**Work instruction**
Set down a faithful copy of every record below, with no images.

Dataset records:
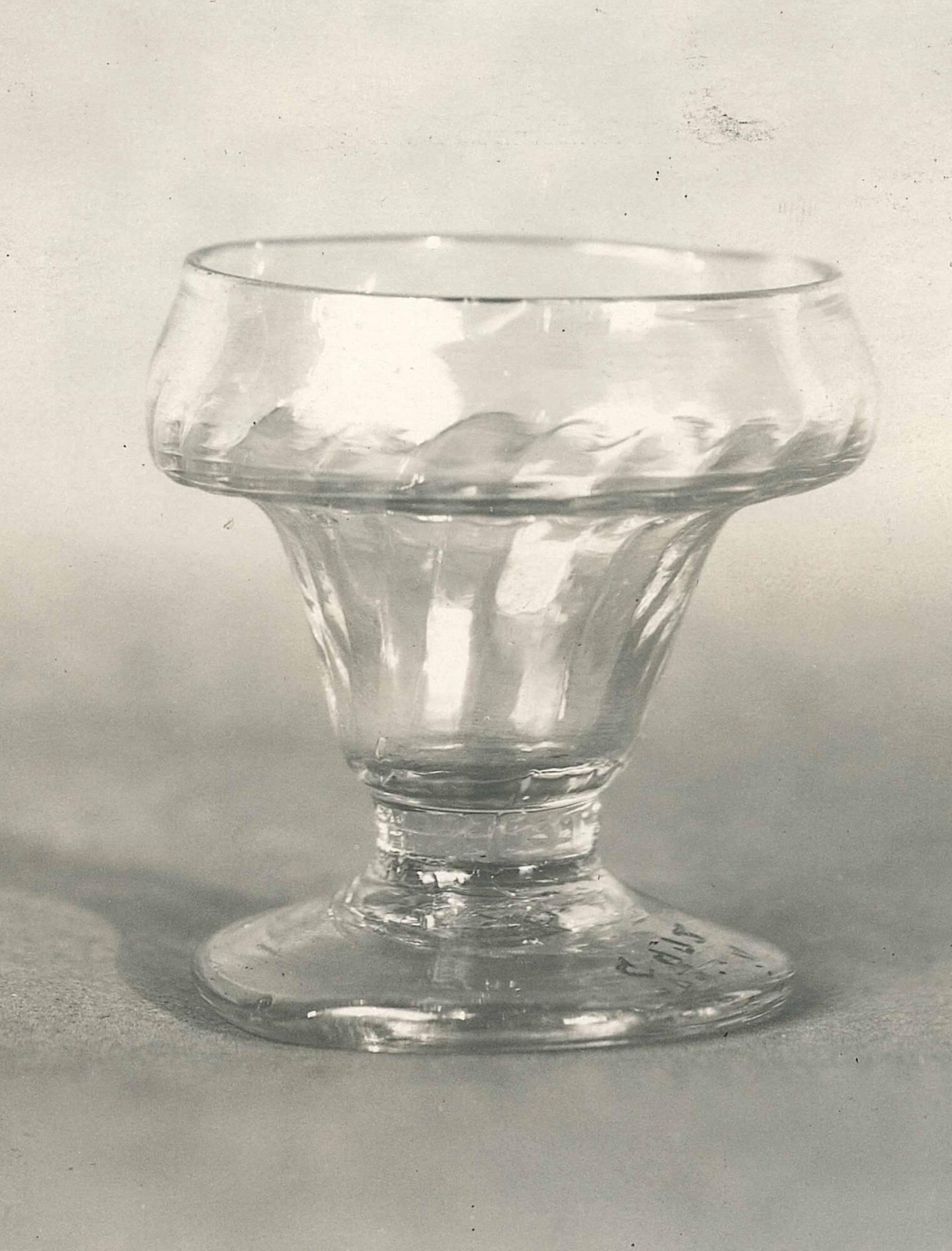 DescriptionClear white glass. Goblet shape. Delicate spiral fluting in relief. Mold blown glass.
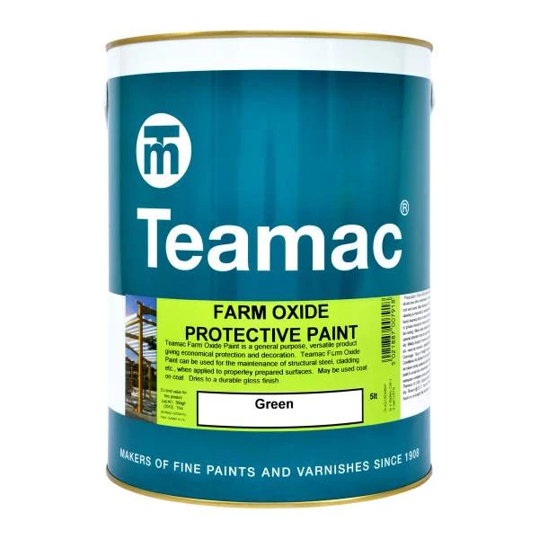 Teamac Farm Oxide Paint is a general purpose coating for the protection of exterior metal. Ideal for the maintenance or structural steel and cladding. Suitable applied coat on coat to properly prepared surfaces.Â
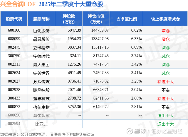 根据2025基金半年报公募基金重仓股数据,重仓该股的公募基金共110家,其中持有数量最多的公募基金为兴证全球基金的兴全合润LOF。兴全合润LOF目前规模为218.5亿元,最新净值2.1782(10月9日),较上一交易日上涨0.72%,近一年上涨39.57%。该公募基金现任基金经理为谢治宇。谢治宇在任的基金产品包括:兴全合宜混合(LOF)A,管理时间为2018年1月23日至今,期间收益率为112.44%;兴全社会价值三年持有混合,管理时间为2019年12月26日至今,期间收益率为125.79%;兴全合润混合C,管理时间为2025年4月8日至今,期间收益率为54.04%。
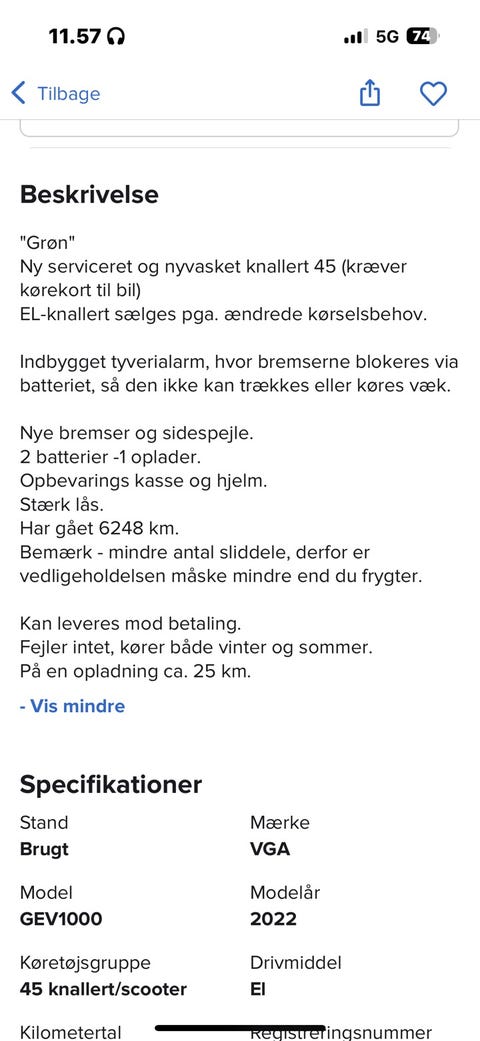 VGA Street-X EFI 45 km/t EURO 52025 ∙ 1.485 km ∙ Benzin7.799 kr.SilkeborgPrivat ∙ ServiceFøj til favoritter.
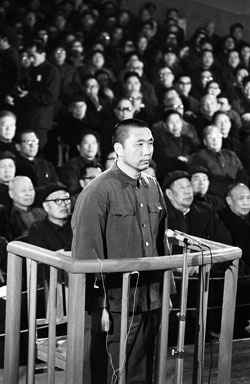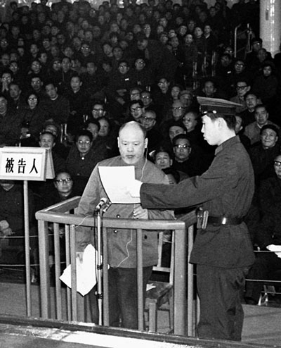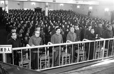 3 時(shí)03分,王洪文第一個(gè)被帶上被告席,接著是姚文元……3 時(shí)15分,江青被帶進(jìn)。
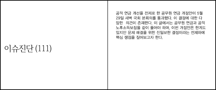 이슈진단(111) 공무원 연금 개정안으로 열린 ‘기회의 창’
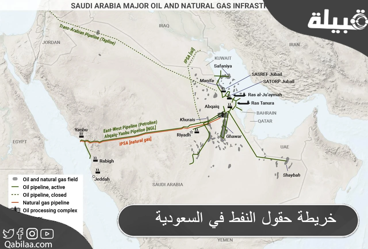 خريطة حقول النفط في السعودية
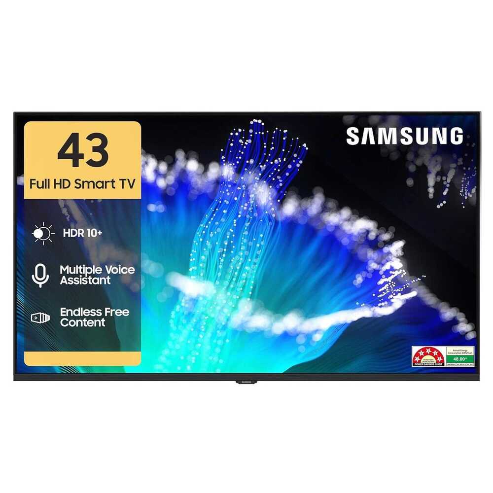 • Smart TV Features: Smart Remote with built-in Voice Assistance | Works with Alexa/Google Assistant external spekers| Endless Content with Samsung TV Plus (Access 100+ free TV Channels) | Web Browser | Quick Remote | Mobile-to-TV Mirroring | Sound Mirroring | Wireless TV On | Connect Apple Devices with AirPlay | Universal Guide | Energy Rating: 5 Star | Annual Energy Consumption: 48 kWh/Year
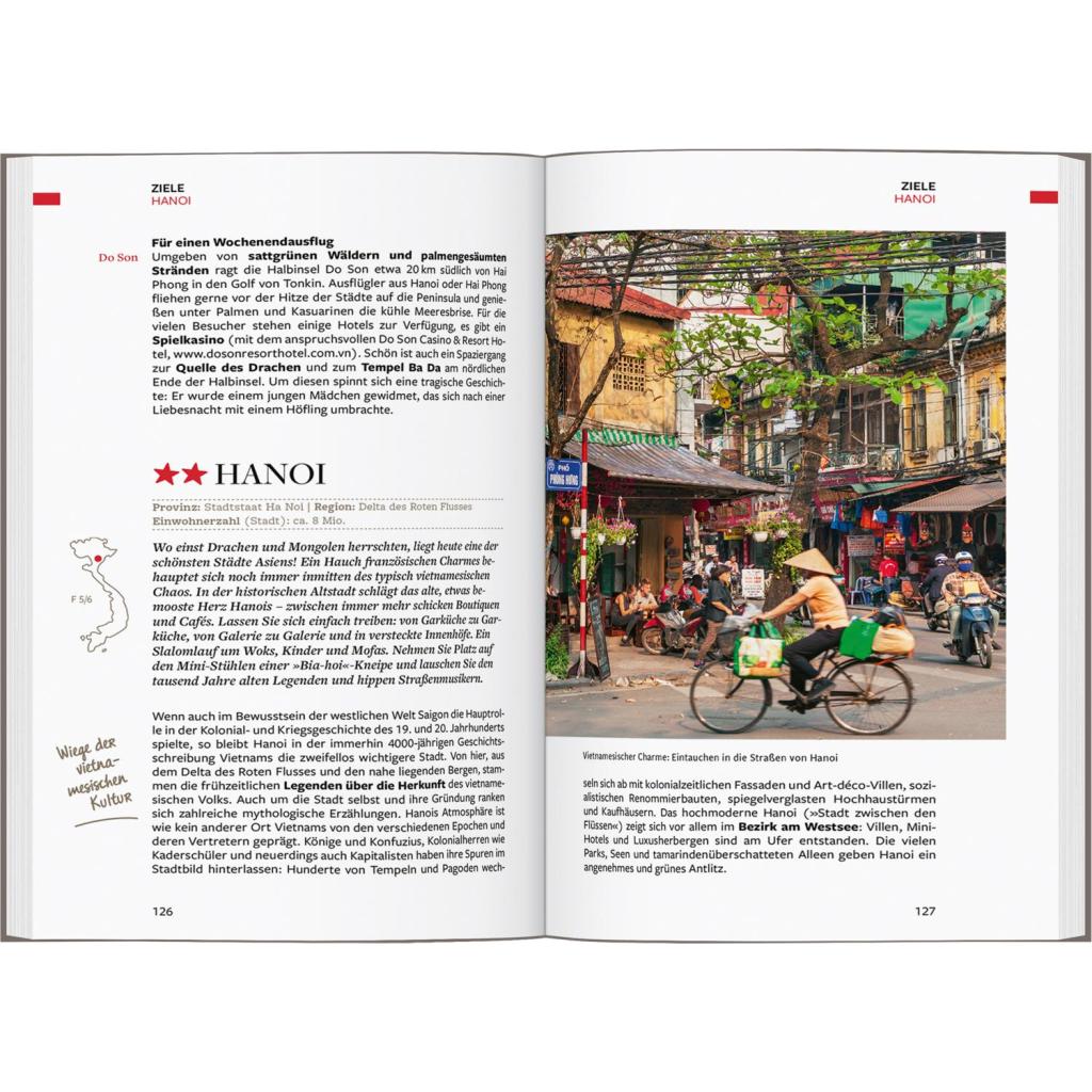 Eine wilde Fahrt auf dem Mofa, kulinarische Highlights und mehr als 3.000 km wunderschöne Strände - gewinnen Sie einen Einblick in die vielfältige Kultur Vietnams. In unserem Reiseführer Vietnam begleiten wir Sie bei Ihrer Urlaubsplanung: Reisen Sie in die Metropole Ho-Chi-Minh, steuern Sie die kleine Hafenstadt Hoi an und erleben Sie die schönsten Sehenswürdigkeiten in der Hauptstadt Hanoi. In vier inspirierenden Tourenvorschlägen zeigen wir Ihnen bei einer Rundreise die atemberaubende Natur Vietnams. Entdecken Sie den Cat-Tien-Nationalpark, besuchen Sie das Mekong Delta und einen der berühmten schwimmenden Märkte und planen Sie einen Ausflug in die Ha-Long-Bucht, um rund 2.000 bizarr zerklüftete Felsen zu bestaunen. Unsere Expertentipps verraten, wo Sie Besonderes erleben, das wohl beste Essen Asiens kosten und eine Wanderung durch die einzigartige Landschaft Sa Pa's machen können - damit Ihr Vietnam-Urlaub einfach unvergesslich wird. Unser Reiseführer Vietnam ist der perfekte Begleiter für zuhause und unterwegs! Und all das in 6 Kapiteln inklusive: - Wissenswertes über Vietnam und die facettenreichen Ausflugsziele des Landes - Gliederung der wichtigsten Sehenswürdigkeiten von A bis Z, kompetente Sterne-Bewertung der Top-Ziele, übersichtliche Infografiken und spannende 3D-Darstellungen - Spannende Tourenvorschläge - Vietnam in vier verschiedenen Touren entspannt entdecken - Erleben & Genießen in Vietnam - Empfehlungen unserer Autoren zu Hotels, Restaurants, Shopping und Entspannung - Fundierte Expertentipps zum Staunen, Durchatmen und Spaß haben sowie für ganz besondere Erlebnisse, die einfach nicht für Geld zu bekommen sind - Magische Momente für einen einzigartigen Urlaub in Vietnam - Kommen Sie zur rechten Zeit an den richtigen Ort und erleben Sie Unvergessliches - Spannende Hintergrundinfos zur Geschichte von Vietnam, zu Landschaft und Klima, Wirtschaft und Kultur, zu seinen Menschen und deren Alltag - Servicekapitel mit praktischen Informationen zur Urlaubsplanung, für die Vorbereitung der Reise und Wissenswertes vor Ort Dieser Reiseführer ist perfekt für Sie geeignet, wenn Sie ... ... sich einen Reiseführer mit einem hohen Maß an Urlaubsinspiration wünschen ... sich vor Ihrer Reise umfassend über Land und Leute informieren möchten ... Wert auf Kultur und Natur legen ... auf der Suche nach außergewöhnlichen Momenten sind ... Vietnam durch die kenntnisreichen Tipps unserer Experten entdecken möchten ... sich einen durchdachten Reiseführer für unterwegs und zuhause wünschen
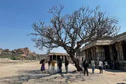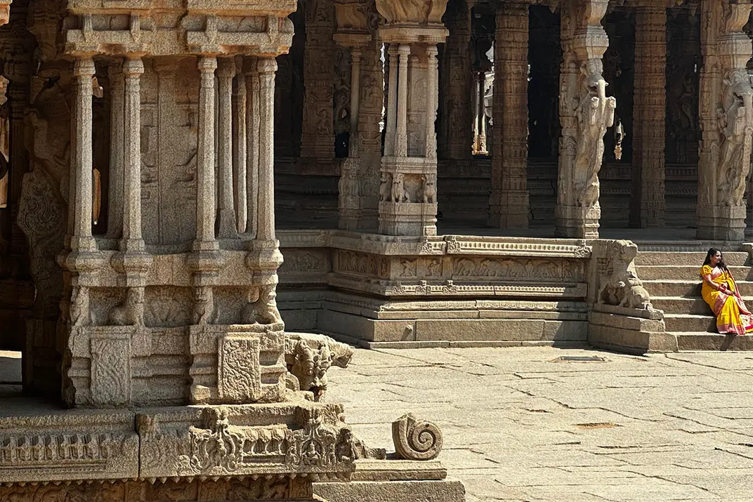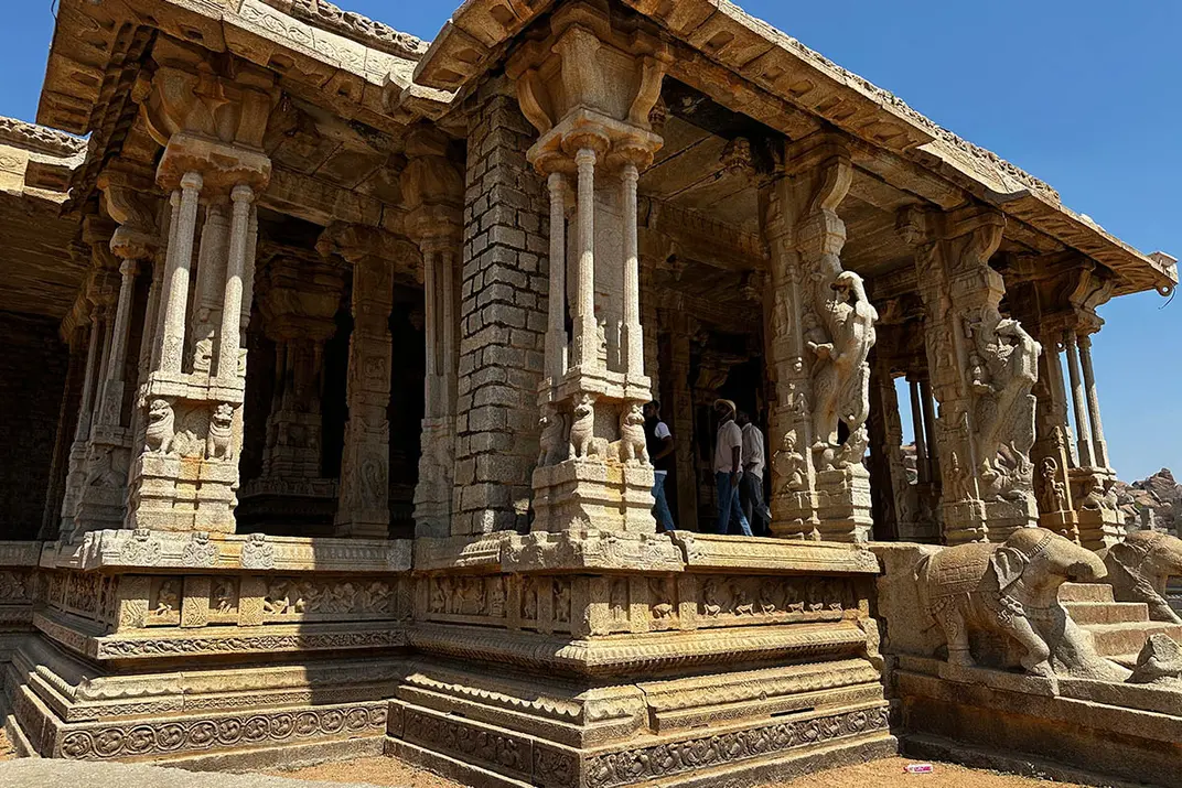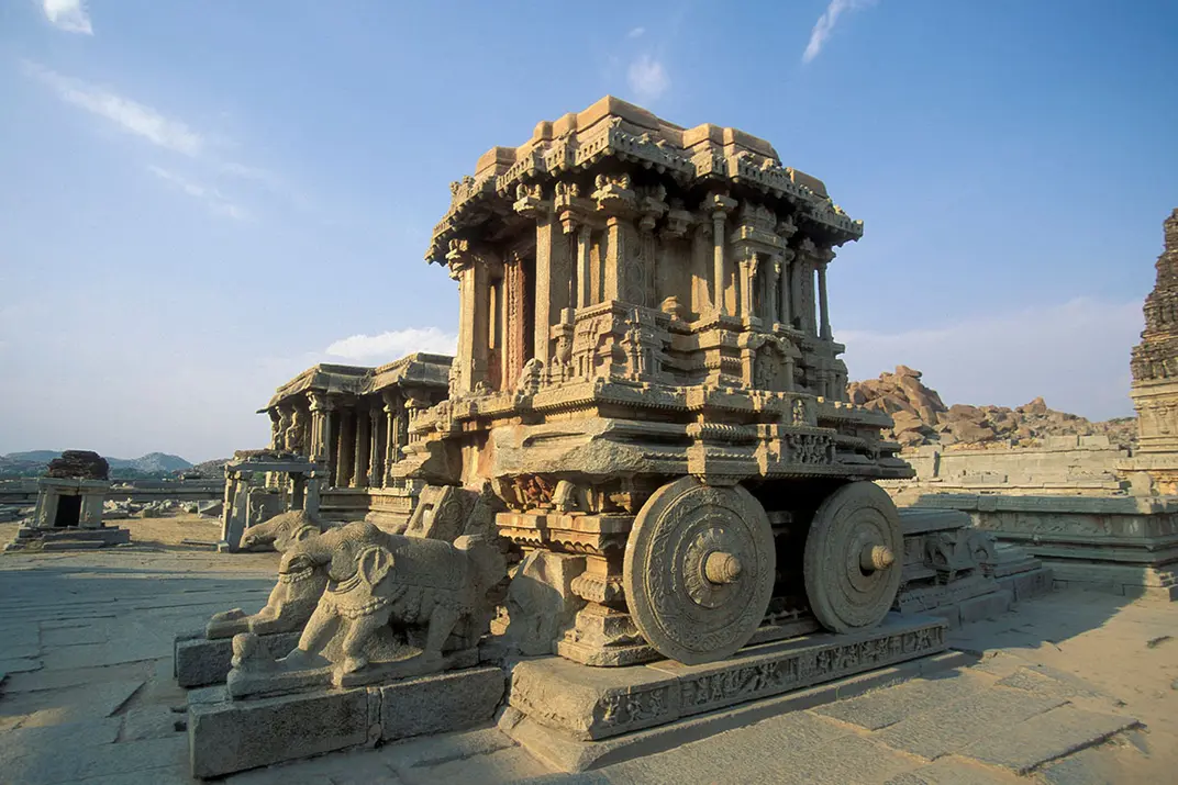В центре у входа в храмовый комплекс стоит огромная каменная колесница — архитектурный памятник, посвященный Гаруде, ездовому орлу бога Вишну. Это один из аватаров бога Шиву, которому поклоняются именно в Карнатаке. Вся конструкция покрыта тонкими барельефами с мифологическими сюжетами, есть слоны, которые ее везут. Строение было создано еще в ХVI веке, и якобы колеса колесницы изначально могли вращаться.

**Solution below**
 DescriptionClear white glass. Goblet shape. Delicate spiral fluting in relief. Mold blown glass.
 Teamac Farm Oxide Paint is a general purpose coating for the protection of exterior metal. Ideal for the maintenance or structural steel and cladding. Suitable applied coat on coat to properly prepared surfaces.Â
 根据2025基金半年报公募基金重仓股数据,重仓该股的公募基金共110家,其中持有数量最多的公募基金为兴证全球基金的兴全合润LOF。兴全合润LOF目前规模为218.5亿元,最新净值2.1782(10月9日),较上一交易日上涨0.72%,近一年上涨39.57%。该公募基金现任基金经理为谢治宇。谢治宇在任的基金产品包括:兴全合宜混合(LOF)A,管理时间为2018年1月23日至今,期间收益率为112.44%;兴全社会价值三年持有混合,管理时间为2019年12月26日至今,期间收益率为125.79%;兴全合润混合C,管理时间为2025年4月8日至今,期间收益率为54.04%。
 VGA Street-X EFI 45 km/t EURO 52025 ∙ 1.485 km ∙ Benzin7.799 kr.SilkeborgPrivat ∙ ServiceFøj til favoritter.
 3 時(shí)03分,王洪文第一個(gè)被帶上被告席,接著是姚文元……3 時(shí)15分,江青被帶進(jìn)。
 이슈진단(111) 공무원 연금 개정안으로 열린 ‘기회의 창’
 خريطة حقول النفط في السعودية
 • Smart TV Features: Smart Remote with built-in Voice Assistance | Works with Alexa/Google Assistant external spekers| Endless Content with Samsung TV Plus (Access 100+ free TV Channels) | Web Browser | Quick Remote | Mobile-to-TV Mirroring | Sound Mirroring | Wireless TV On | Connect Apple Devices with AirPlay | Universal Guide | Energy Rating: 5 Star | Annual Energy Consumption: 48 kWh/Year
 Eine wilde Fahrt auf dem Mofa, kulinarische Highlights und mehr als 3.000 km wunderschöne Strände - gewinnen Sie einen Einblick in die vielfältige Kultur Vietnams. In unserem Reiseführer Vietnam begleiten wir Sie bei Ihrer Urlaubsplanung: Reisen Sie in die Metropole Ho-Chi-Minh, steuern Sie die kleine Hafenstadt Hoi an und erleben Sie die schönsten Sehenswürdigkeiten in der Hauptstadt Hanoi. In vier inspirierenden Tourenvorschlägen zeigen wir Ihnen bei einer Rundreise die atemberaubende Natur Vietnams. Entdecken Sie den Cat-Tien-Nationalpark, besuchen Sie das Mekong Delta und einen der berühmten schwimmenden Märkte und planen Sie einen Ausflug in die Ha-Long-Bucht, um rund 2.000 bizarr zerklüftete Felsen zu bestaunen. Unsere Expertentipps verraten, wo Sie Besonderes erleben, das wohl beste Essen Asiens kosten und eine Wanderung durch die einzigartige Landschaft Sa Pa's machen können - damit Ihr Vietnam-Urlaub einfach unvergesslich wird. Unser Reiseführer Vietnam ist der perfekte Begleiter für zuhause und unterwegs! Und all das in 6 Kapiteln inklusive: - Wissenswertes über Vietnam und die facettenreichen Ausflugsziele des Landes - Gliederung der wichtigsten Sehenswürdigkeiten von A bis Z, kompetente Sterne-Bewertung der Top-Ziele, übersichtliche Infografiken und spannende 3D-Darstellungen - Spannende Tourenvorschläge - Vietnam in vier verschiedenen Touren entspannt entdecken - Erleben & Genießen in Vietnam - Empfehlungen unserer Autoren zu Hotels, Restaurants, Shopping und Entspannung - Fundierte Expertentipps zum Staunen, Durchatmen und Spaß haben sowie für ganz besondere Erlebnisse, die einfach nicht für Geld zu bekommen sind - Magische Momente für einen einzigartigen Urlaub in Vietnam - Kommen Sie zur rechten Zeit an den richtigen Ort und erleben Sie Unvergessliches - Spannende Hintergrundinfos zur Geschichte von Vietnam, zu Landschaft und Klima, Wirtschaft und Kultur, zu seinen Menschen und deren Alltag - Servicekapitel mit praktischen Informationen zur Urlaubsplanung, für die Vorbereitung der Reise und Wissenswertes vor Ort Dieser Reiseführer ist perfekt für Sie geeignet, wenn Sie ... ... sich einen Reiseführer mit einem hohen Maß an Urlaubsinspiration wünschen ... sich vor Ihrer Reise umfassend über Land und Leute informieren möchten ... Wert auf Kultur und Natur legen ... auf der Suche nach außergewöhnlichen Momenten sind ... Vietnam durch die kenntnisreichen Tipps unserer Experten entdecken möchten ... sich einen durchdachten Reiseführer für unterwegs und zuhause wünschen
В центре у входа в храмовый комплекс стоит огромная каменная колесница — архитектурный памятник, посвященный Гаруде, ездовому орлу бога Вишну. Это один из аватаров бога Шиву, которому поклоняются именно в Карнатаке. Вся конструкция покрыта тонкими барельефами с мифологическими сюжетами, есть слоны, которые ее везут. Строение было создано еще в ХVI веке, и якобы колеса колесницы изначально могли вращаться.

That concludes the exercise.